• [EXERCISE OBJECTIVE]: Give again the lines from the line with "[140705] LOL 챔피언스" to the last line of the records, exactly and in full. Do not carry over any pictures.
=== INFORMATION SUPPLIED ===
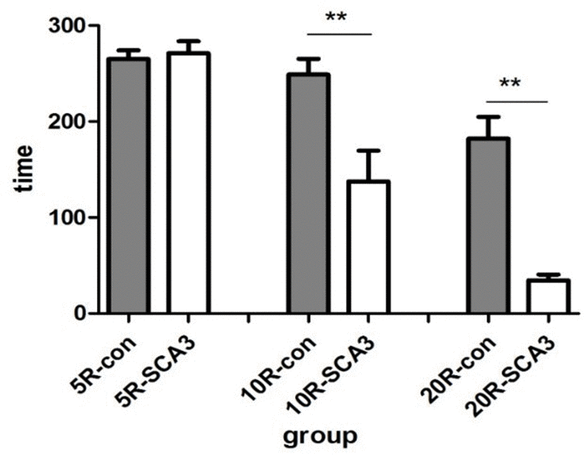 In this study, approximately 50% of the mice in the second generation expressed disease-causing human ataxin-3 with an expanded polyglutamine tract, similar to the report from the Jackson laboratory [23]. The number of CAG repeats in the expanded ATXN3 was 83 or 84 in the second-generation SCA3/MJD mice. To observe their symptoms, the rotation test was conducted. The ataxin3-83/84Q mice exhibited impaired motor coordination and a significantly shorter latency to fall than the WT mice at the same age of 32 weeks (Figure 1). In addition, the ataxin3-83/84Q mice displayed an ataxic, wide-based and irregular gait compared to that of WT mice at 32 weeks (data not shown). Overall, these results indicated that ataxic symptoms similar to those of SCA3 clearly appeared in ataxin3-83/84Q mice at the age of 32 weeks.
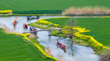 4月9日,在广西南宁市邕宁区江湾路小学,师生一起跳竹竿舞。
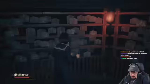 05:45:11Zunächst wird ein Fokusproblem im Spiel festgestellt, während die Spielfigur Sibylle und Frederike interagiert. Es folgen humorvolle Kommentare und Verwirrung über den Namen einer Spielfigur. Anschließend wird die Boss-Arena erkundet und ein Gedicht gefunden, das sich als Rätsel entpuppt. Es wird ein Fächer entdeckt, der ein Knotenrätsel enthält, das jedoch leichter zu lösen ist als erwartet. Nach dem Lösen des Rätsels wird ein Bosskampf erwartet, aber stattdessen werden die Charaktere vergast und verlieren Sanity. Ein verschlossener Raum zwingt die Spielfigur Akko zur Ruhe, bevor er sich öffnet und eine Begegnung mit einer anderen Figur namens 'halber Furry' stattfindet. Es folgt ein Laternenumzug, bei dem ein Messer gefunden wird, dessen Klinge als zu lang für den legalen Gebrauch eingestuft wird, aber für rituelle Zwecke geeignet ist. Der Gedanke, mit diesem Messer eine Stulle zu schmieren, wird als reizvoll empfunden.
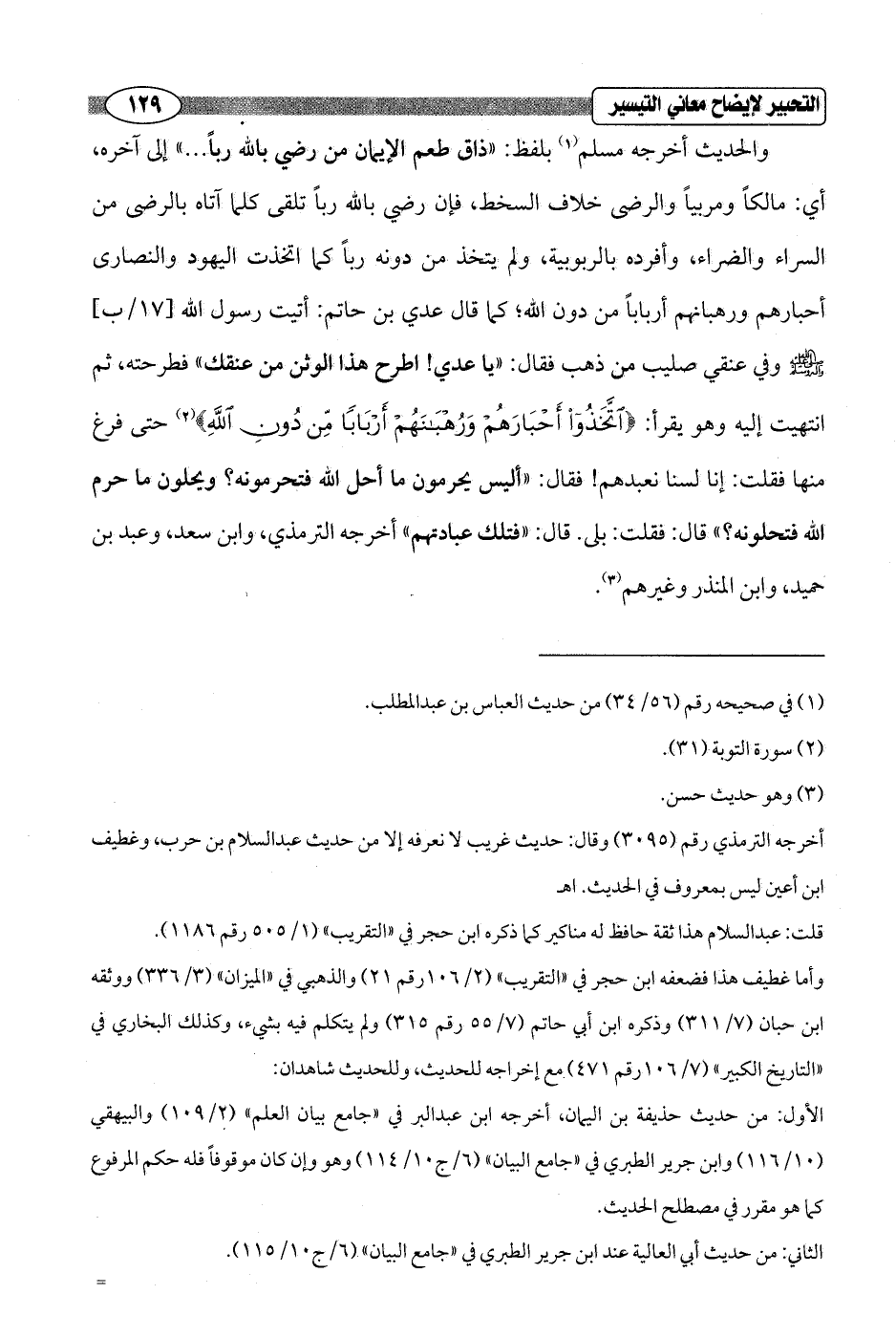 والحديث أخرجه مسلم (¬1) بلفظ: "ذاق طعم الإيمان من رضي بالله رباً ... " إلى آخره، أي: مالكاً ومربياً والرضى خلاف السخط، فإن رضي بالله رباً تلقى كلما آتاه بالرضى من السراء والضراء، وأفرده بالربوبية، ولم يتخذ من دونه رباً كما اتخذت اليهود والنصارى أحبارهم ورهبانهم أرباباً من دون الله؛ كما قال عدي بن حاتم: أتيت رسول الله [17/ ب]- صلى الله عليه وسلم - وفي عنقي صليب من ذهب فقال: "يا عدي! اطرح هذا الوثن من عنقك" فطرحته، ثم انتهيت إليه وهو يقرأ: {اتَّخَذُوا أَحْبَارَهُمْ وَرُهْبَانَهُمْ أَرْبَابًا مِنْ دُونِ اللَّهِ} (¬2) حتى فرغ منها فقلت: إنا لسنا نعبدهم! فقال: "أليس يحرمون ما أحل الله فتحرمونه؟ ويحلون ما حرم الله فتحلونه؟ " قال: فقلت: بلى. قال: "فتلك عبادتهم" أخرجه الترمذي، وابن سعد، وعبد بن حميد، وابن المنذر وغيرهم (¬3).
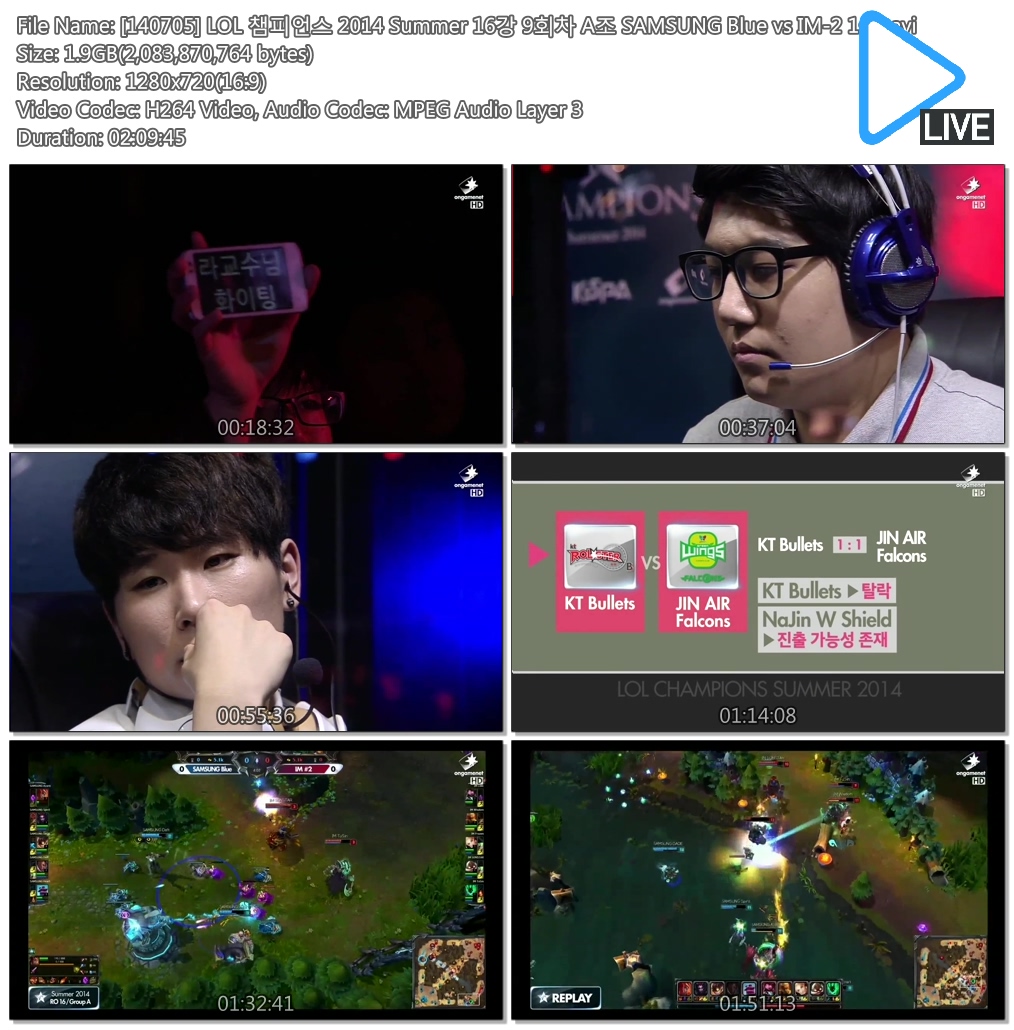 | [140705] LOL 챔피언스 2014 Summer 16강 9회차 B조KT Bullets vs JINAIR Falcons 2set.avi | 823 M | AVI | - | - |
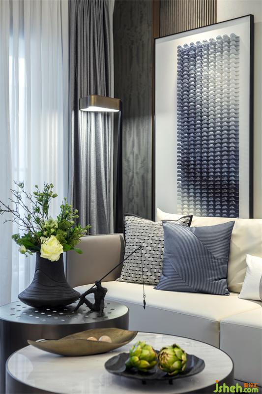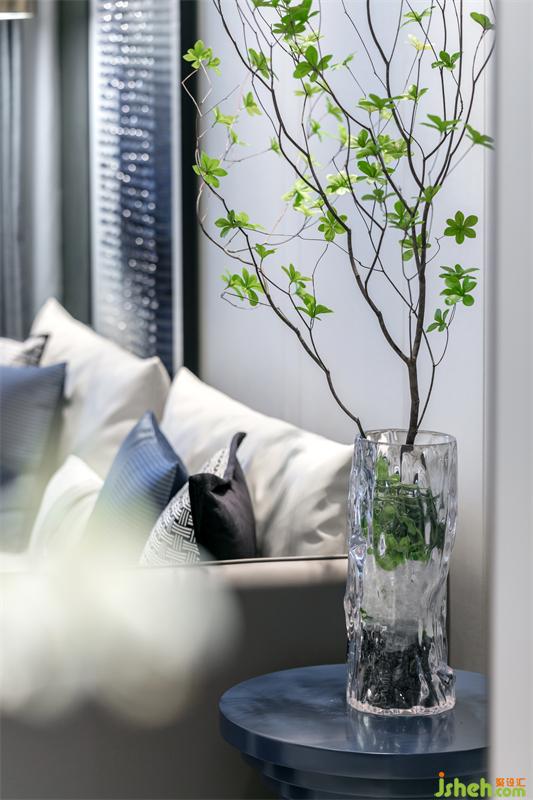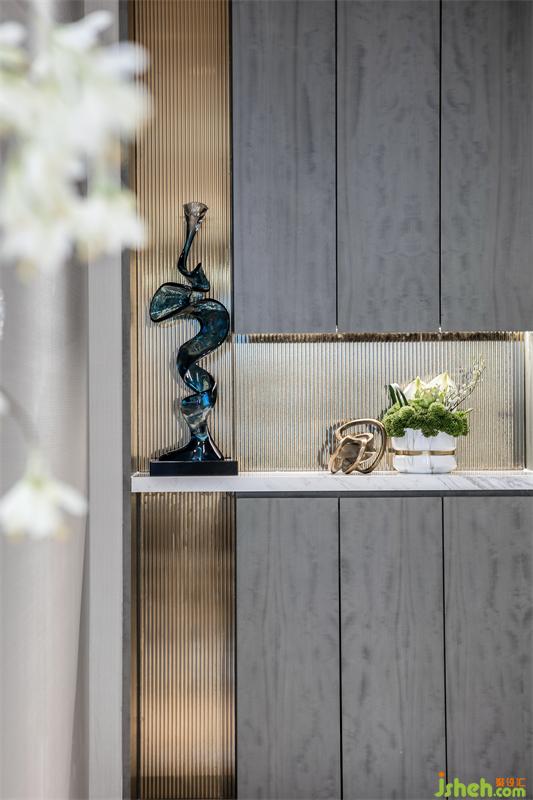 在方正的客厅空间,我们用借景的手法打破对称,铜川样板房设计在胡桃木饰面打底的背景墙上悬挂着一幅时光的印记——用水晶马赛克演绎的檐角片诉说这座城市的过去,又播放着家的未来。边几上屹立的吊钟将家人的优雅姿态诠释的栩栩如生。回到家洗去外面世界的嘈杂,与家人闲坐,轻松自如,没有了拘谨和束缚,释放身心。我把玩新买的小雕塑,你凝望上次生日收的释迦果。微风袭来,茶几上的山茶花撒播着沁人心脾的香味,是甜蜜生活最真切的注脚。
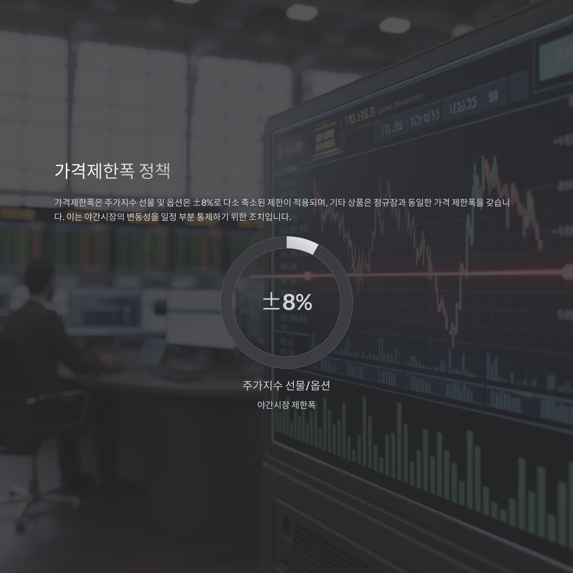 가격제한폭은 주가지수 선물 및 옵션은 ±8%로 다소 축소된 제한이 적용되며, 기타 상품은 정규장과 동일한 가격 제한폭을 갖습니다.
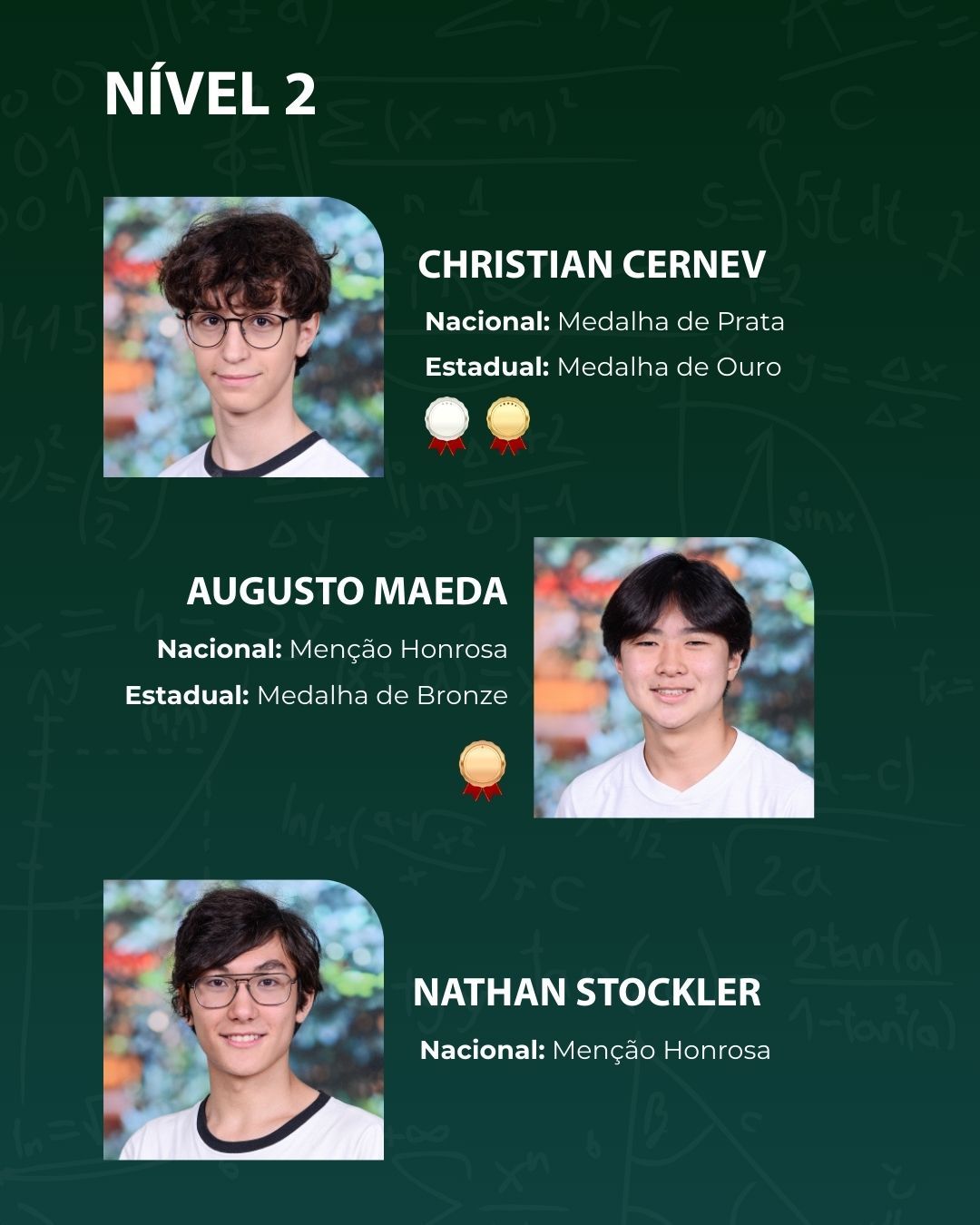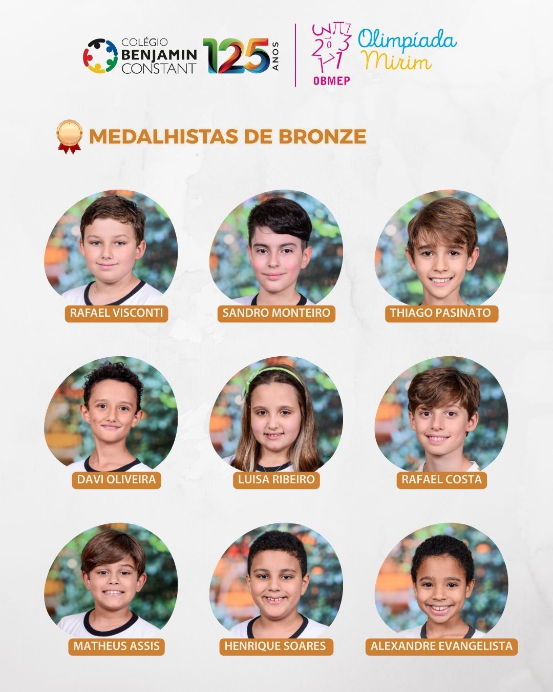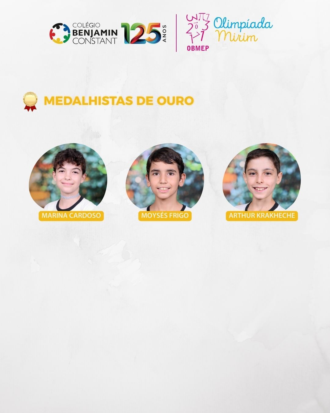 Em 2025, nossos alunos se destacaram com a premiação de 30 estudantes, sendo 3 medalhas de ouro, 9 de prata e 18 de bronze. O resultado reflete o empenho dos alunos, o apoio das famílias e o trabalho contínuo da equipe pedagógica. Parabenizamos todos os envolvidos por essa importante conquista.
===
• [RESPONSE TO THE TASK]:
 | [140705] LOL 챔피언스 2014 Summer 16강 9회차 B조KT Bullets vs JINAIR Falcons 2set.avi | 823 M | AVI | - | - |
 在方正的客厅空间,我们用借景的手法打破对称,铜川样板房设计在胡桃木饰面打底的背景墙上悬挂着一幅时光的印记——用水晶马赛克演绎的檐角片诉说这座城市的过去,又播放着家的未来。边几上屹立的吊钟将家人的优雅姿态诠释的栩栩如生。回到家洗去外面世界的嘈杂,与家人闲坐,轻松自如,没有了拘谨和束缚,释放身心。我把玩新买的小雕塑,你凝望上次生日收的释迦果。微风袭来,茶几上的山茶花撒播着沁人心脾的香味,是甜蜜生活最真切的注脚。
 가격제한폭은 주가지수 선물 및 옵션은 ±8%로 다소 축소된 제한이 적용되며, 기타 상품은 정규장과 동일한 가격 제한폭을 갖습니다.
 Em 2025, nossos alunos se destacaram com a premiação de 30 estudantes, sendo 3 medalhas de ouro, 9 de prata e 18 de bronze. O resultado reflete o empenho dos alunos, o apoio das famílias e o trabalho contínuo da equipe pedagógica. Parabenizamos todos os envolvidos por essa importante conquista.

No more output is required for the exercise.